● **DATA SEGMENT**:

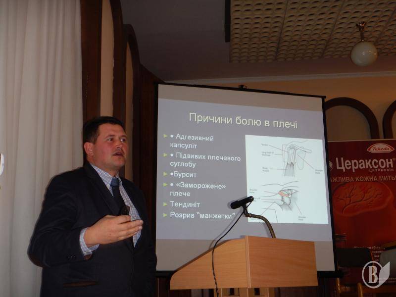 В рамках школи реабілітації перед лікарями виступив доктор медичних наук, доцент кафедри, лікар-невролог з Ужгородського національного університету Михайло Орос. Він розповів про виникнення післяінсультного болю та його лікування. Це також є на відео прямої трансляції.
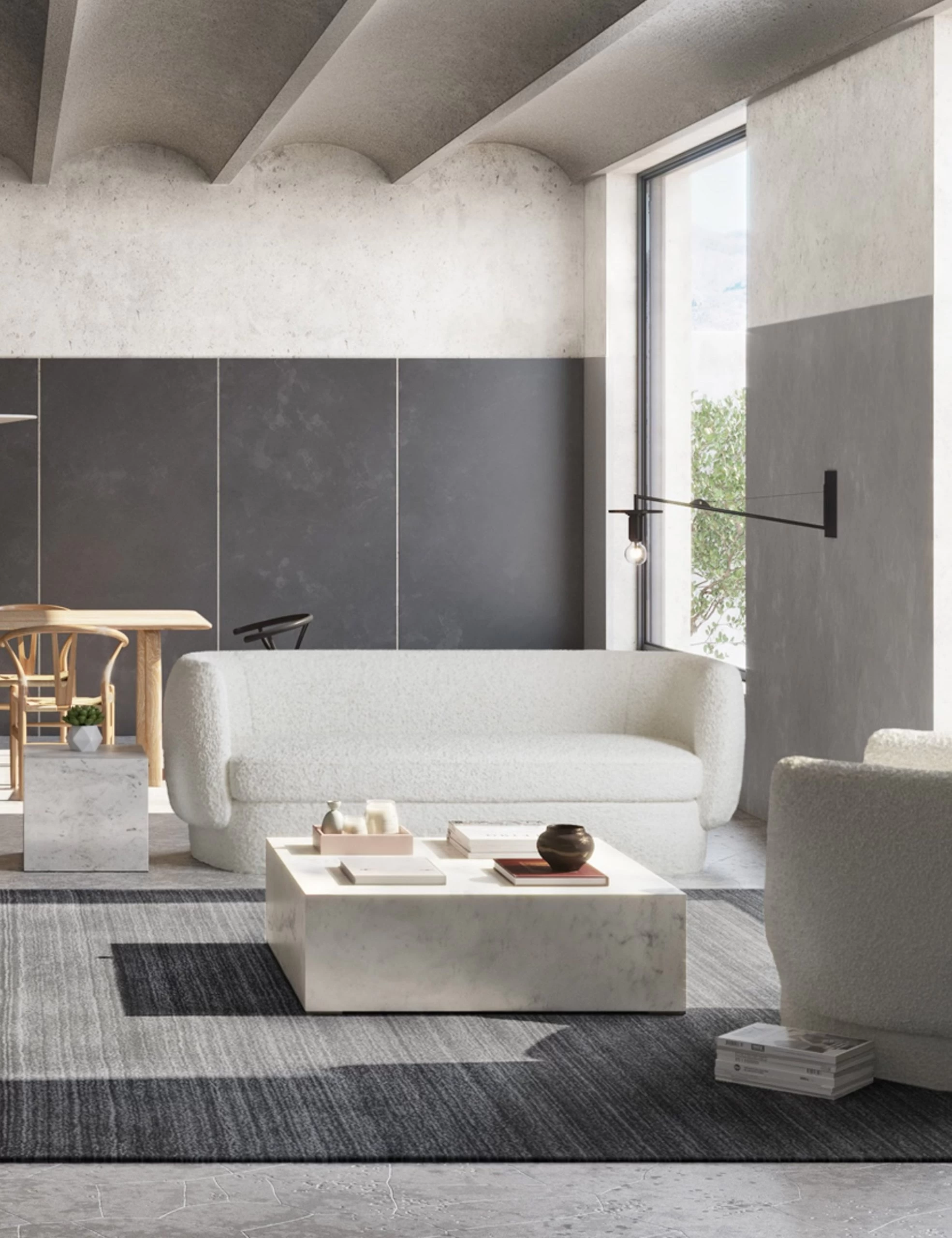 Cut from Kailashpri white marble into clean, polished lines, each coffee table bears a unique pattern of natural striations. Luxe materials and design lend this square coffee table an elevating presence in the living room. We love styling it with an uber-soft accent chair or a naturally textured sofa to create stunning contrast.
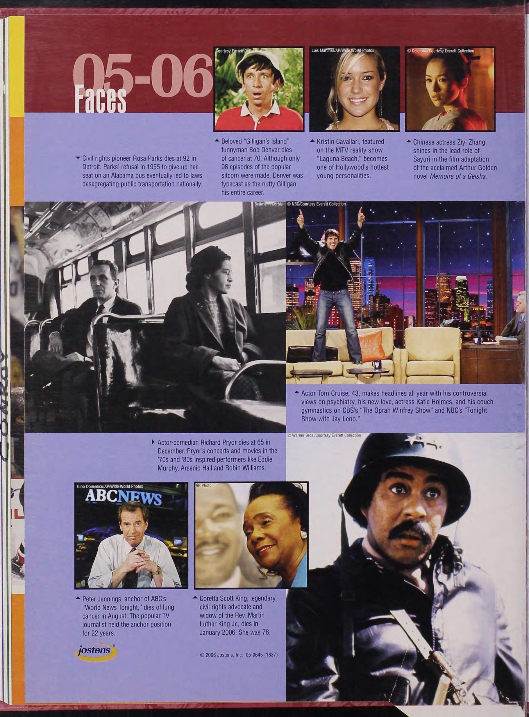 • Actor Tom Cruise. 43, makes headlines all year with his controversial views on psychiatry, his new love, actress Katie Holmes, and his couch gymnastics on CBS's "The Oprah Winfrey Show" and NBC's "Tonight Show with Jay Leno "
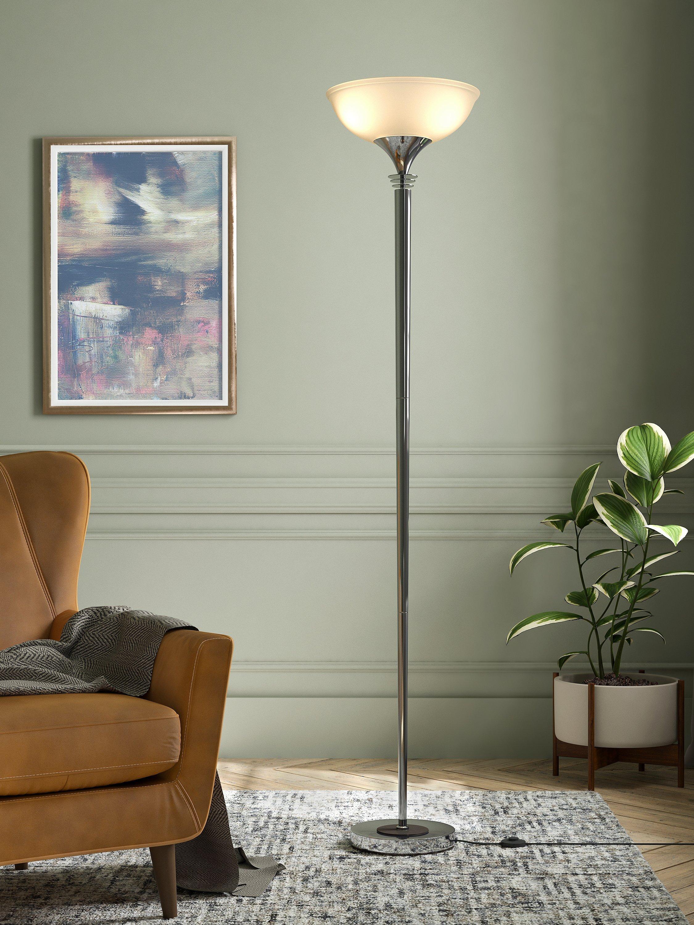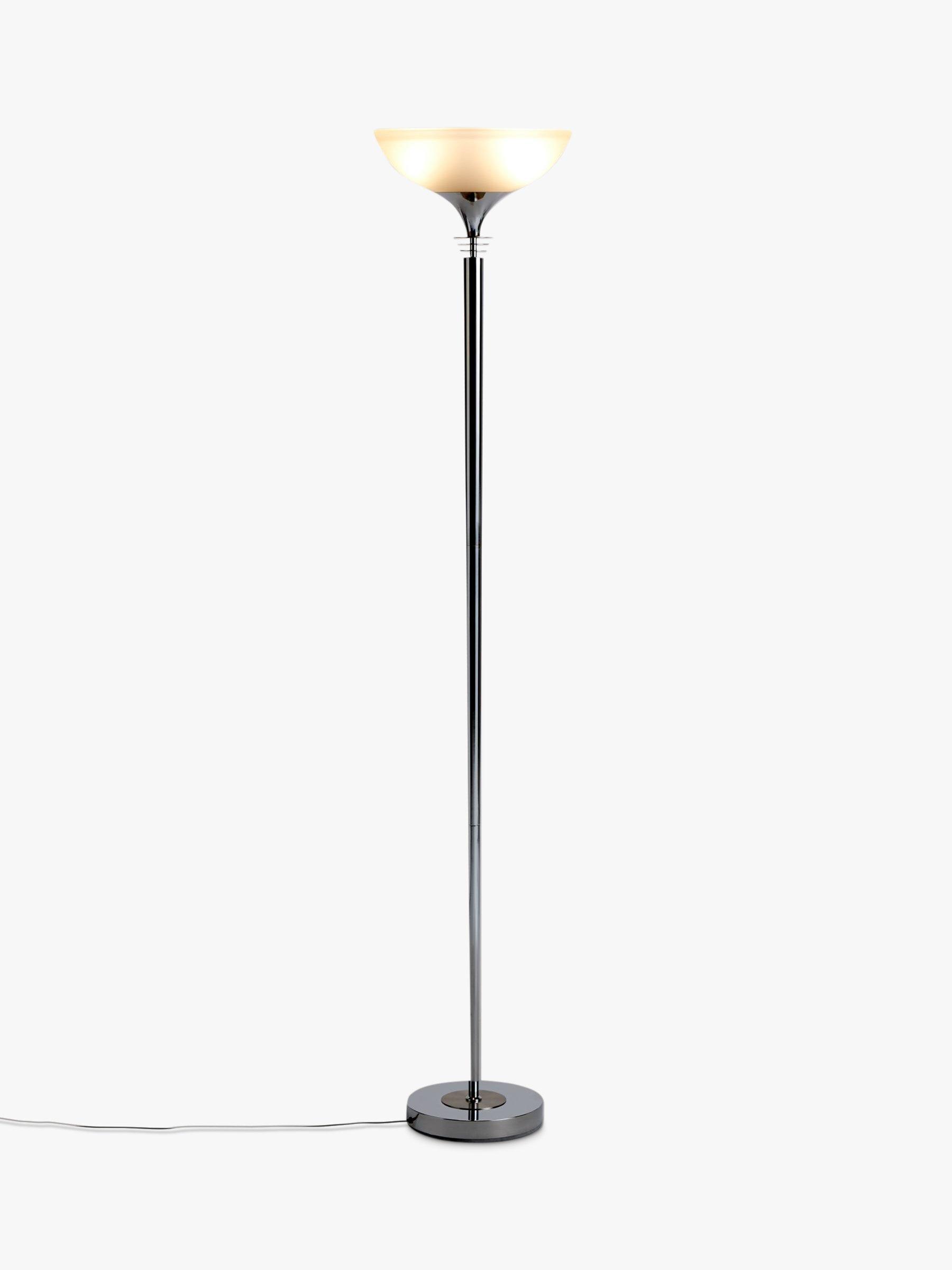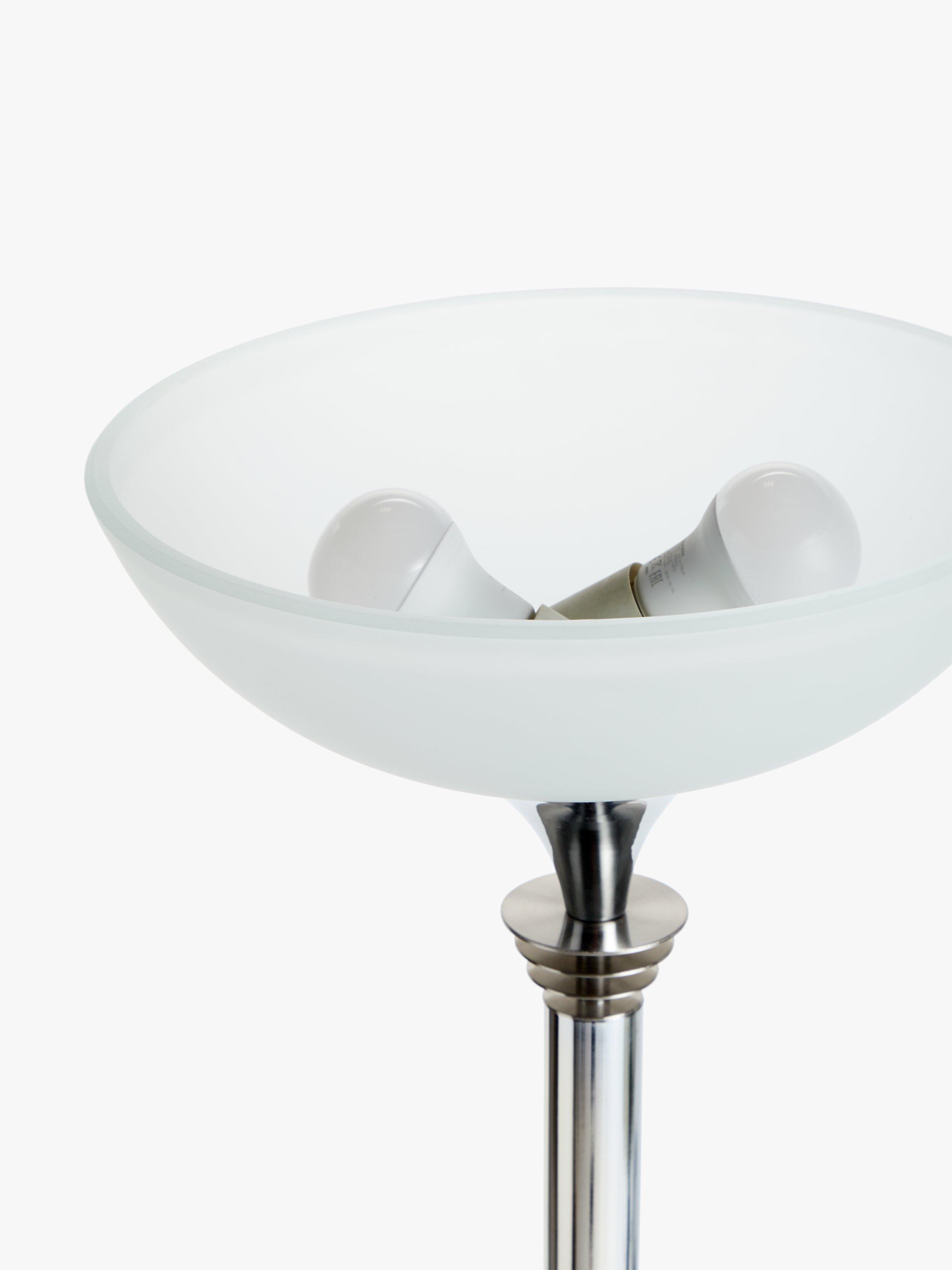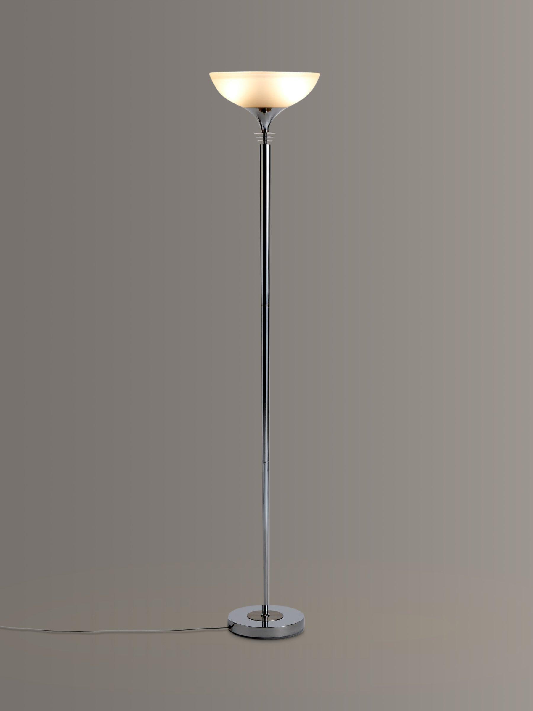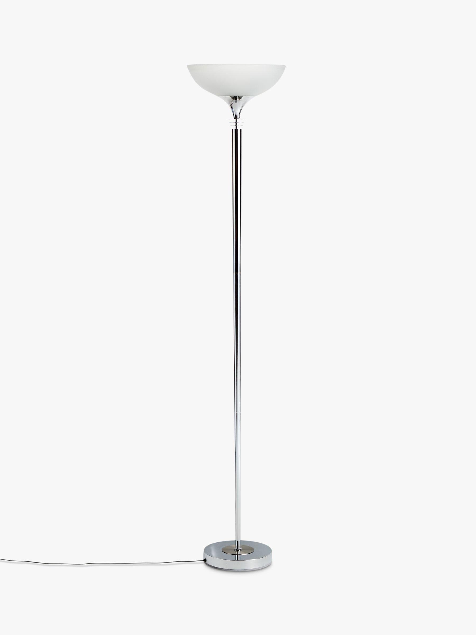Bringing a more modern feel to the traditional uplighter, our Azure floor lamp is designed with a slimline, yet sturdy metal frame. The frosted glass shade enhances a warm wash of light that can be dimmed using the dimmer switch in the floor cable. Thanks to its minimalist design, this functional floor lamp is ideal for your cosy reading corner, as well as smaller spaces at home.

● **TASK**:
Every line from the one containing "Actor Tom Cruise." to the end of the material above is to be returned exactly, with the pictures left out.

● **WORKED SOLUTION**:
 • Actor Tom Cruise. 43, makes headlines all year with his controversial views on psychiatry, his new love, actress Katie Holmes, and his couch gymnastics on CBS's "The Oprah Winfrey Show" and NBC's "Tonight Show with Jay Leno "
Bringing a more modern feel to the traditional uplighter, our Azure floor lamp is designed with a slimline, yet sturdy metal frame. The frosted glass shade enhances a warm wash of light that can be dimmed using the dimmer switch in the floor cable. Thanks to its minimalist design, this functional floor lamp is ideal for your cosy reading corner, as well as smaller spaces at home.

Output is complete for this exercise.